═════ Source data ═════
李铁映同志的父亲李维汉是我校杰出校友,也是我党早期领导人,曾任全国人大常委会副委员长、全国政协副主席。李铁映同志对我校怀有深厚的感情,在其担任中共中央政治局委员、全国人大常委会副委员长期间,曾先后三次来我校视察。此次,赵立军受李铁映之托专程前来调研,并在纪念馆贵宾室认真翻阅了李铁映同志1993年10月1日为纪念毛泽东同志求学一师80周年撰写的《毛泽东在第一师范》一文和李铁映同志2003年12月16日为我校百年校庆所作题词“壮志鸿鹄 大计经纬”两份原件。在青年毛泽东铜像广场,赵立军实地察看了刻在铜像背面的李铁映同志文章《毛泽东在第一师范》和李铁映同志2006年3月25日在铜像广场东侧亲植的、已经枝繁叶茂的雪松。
═════
═════ Source data ═════
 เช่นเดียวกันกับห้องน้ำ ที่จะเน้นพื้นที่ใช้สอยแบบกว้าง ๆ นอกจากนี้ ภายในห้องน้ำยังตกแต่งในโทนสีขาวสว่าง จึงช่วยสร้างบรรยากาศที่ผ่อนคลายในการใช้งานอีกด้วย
═════
═════ Source data ═════
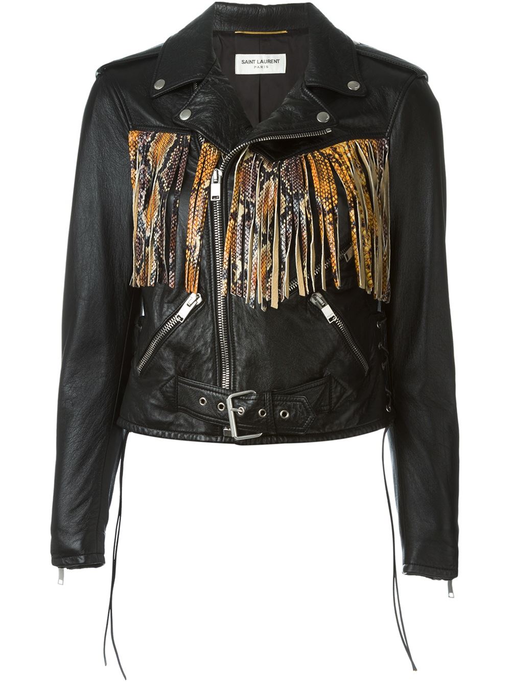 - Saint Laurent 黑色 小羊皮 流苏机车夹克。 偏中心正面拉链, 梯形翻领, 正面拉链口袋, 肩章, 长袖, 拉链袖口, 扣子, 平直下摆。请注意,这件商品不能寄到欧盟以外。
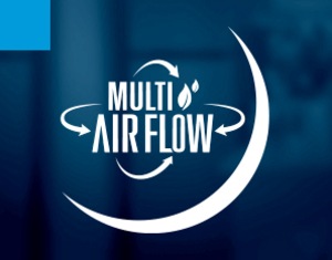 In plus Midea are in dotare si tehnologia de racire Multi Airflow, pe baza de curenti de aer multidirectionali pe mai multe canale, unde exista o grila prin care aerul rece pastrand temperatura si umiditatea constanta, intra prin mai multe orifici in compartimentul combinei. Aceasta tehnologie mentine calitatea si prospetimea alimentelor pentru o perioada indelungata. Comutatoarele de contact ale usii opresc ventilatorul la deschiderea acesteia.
═════
◆ What is needed
Treat the line with "- Saint Laurent" as the start and the line with "In plus Midea" as the end, and return exactly that span of the data above, both ends included, without pictures.

◆ Output below
 - Saint Laurent 黑色 小羊皮 流苏机车夹克。 偏中心正面拉链, 梯形翻领, 正面拉链口袋, 肩章, 长袖, 拉链袖口, 扣子, 平直下摆。请注意,这件商品不能寄到欧盟以外。
 In plus Midea are in dotare si tehnologia de racire Multi Airflow, pe baza de curenti de aer multidirectionali pe mai multe canale, unde exista o grila prin care aerul rece pastrand temperatura si umiditatea constanta, intra prin mai multe orifici in compartimentul combinei. Aceasta tehnologie mentine calitatea si prospetimea alimentelor pentru o perioada indelungata. Comutatoarele de contact ale usii opresc ventilatorul la deschiderea acesteia.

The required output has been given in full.